## Work task
Images don't belong in the copy. Output the rest of the data exactly.

◇ ◇ ◇ ◇

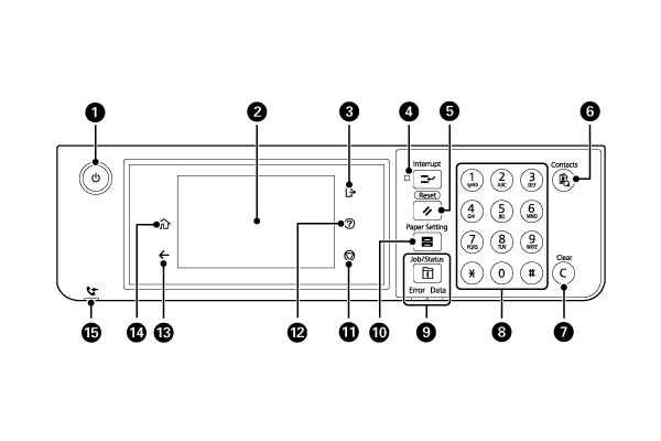 9 | Displays the Job/Status menu. You can check the printer's status and job history. The error light on the left flashes or turns on when an error occurs. The data light on the right flashes when the printer is processing data. It turns on when there are queued jobs. |
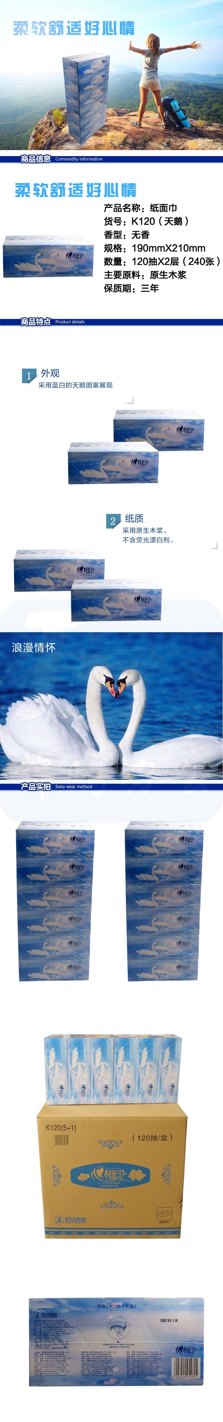 心相印 K120 抽纸硬盒装面巾纸 双层120抽*6盒/提*8提/箱 190mm*210mm(48盒)
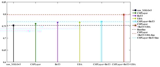 Due to the popularity of Transformer, many researchers have introduced attention mechanisms into object-detection networks. Transformer consists of Encoder and Decoder, whose entire network structures are composed entirely of layers with the attention mechanism. Each layer contains sub-modules such as the multi-head self-attention mechanism and the fully connected feed-forward neural network. The attention mechanism is mainly used to improve the performance and speed of the detection algorithm. For example, Yu et al. [52] proposed a novel multi-attention path aggregation network, APAN, which adopts a multi-attention mechanism to further improve the accuracy of multiple underwater object detection. Zhu et al. [53] improved YOLOv5 based on Transformer, replaced the original detection head with Transformer Prediction Heads (TPH), and introduced the CBAM attention module into the proposed network to improve the performance. The BoT used in BoTNet [27] is a computer vision module with a self-attention mechanism, which is mainly used to compress and accelerate the training of neural networks. Its basic principle is the use of a smaller network to simulate the behavior of a large network, to accelerate the training, capture global information, and obtain a good effect in target-intensive scenes. Therefore, in this paper, we introduce an attention mechanism module into the YOLOv5 network framework.
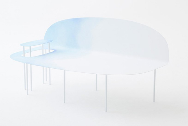 这一系列产品的灵感来自颜料浸染纸张的效果,设计师也巧妙地将造型设计成被人手剪切或折叠的纸张, 一种微妙的蓝色在桌子和椅子上流淌,就好像它们浸在水彩中一样,形成完全模糊的图案和表情。而令你大吃一惊的是,它们却是用硬邦邦没有温度的金属制作的!
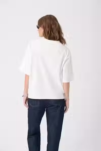 T-shirt à la coupe carrée et droite, col rond et manches courtes. Son fini lisse et doux et son design minimaliste lui confèrent un style décontracté et moderne.

◇ ◇ ◇ ◇

## Finished exercise
 9 | Displays the Job/Status menu. You can check the printer's status and job history. The error light on the left flashes or turns on when an error occurs. The data light on the right flashes when the printer is processing data. It turns on when there are queued jobs. |
 心相印 K120 抽纸硬盒装面巾纸 双层120抽*6盒/提*8提/箱 190mm*210mm(48盒)
 Due to the popularity of Transformer, many researchers have introduced attention mechanisms into object-detection networks. Transformer consists of Encoder and Decoder, whose entire network structures are composed entirely of layers with the attention mechanism. Each layer contains sub-modules such as the multi-head self-attention mechanism and the fully connected feed-forward neural network. The attention mechanism is mainly used to improve the performance and speed of the detection algorithm. For example, Yu et al. [52] proposed a novel multi-attention path aggregation network, APAN, which adopts a multi-attention mechanism to further improve the accuracy of multiple underwater object detection. Zhu et al. [53] improved YOLOv5 based on Transformer, replaced the original detection head with Transformer Prediction Heads (TPH), and introduced the CBAM attention module into the proposed network to improve the performance. The BoT used in BoTNet [27] is a computer vision module with a self-attention mechanism, which is mainly used to compress and accelerate the training of neural networks. Its basic principle is the use of a smaller network to simulate the behavior of a large network, to accelerate the training, capture global information, and obtain a good effect in target-intensive scenes. Therefore, in this paper, we introduce an attention mechanism module into the YOLOv5 network framework.
 这一系列产品的灵感来自颜料浸染纸张的效果,设计师也巧妙地将造型设计成被人手剪切或折叠的纸张, 一种微妙的蓝色在桌子和椅子上流淌,就好像它们浸在水彩中一样,形成完全模糊的图案和表情。而令你大吃一惊的是,它们却是用硬邦邦没有温度的金属制作的!
 T-shirt à la coupe carrée et droite, col rond et manches courtes. Son fini lisse et doux et son design minimaliste lui confèrent un style décontracté et moderne.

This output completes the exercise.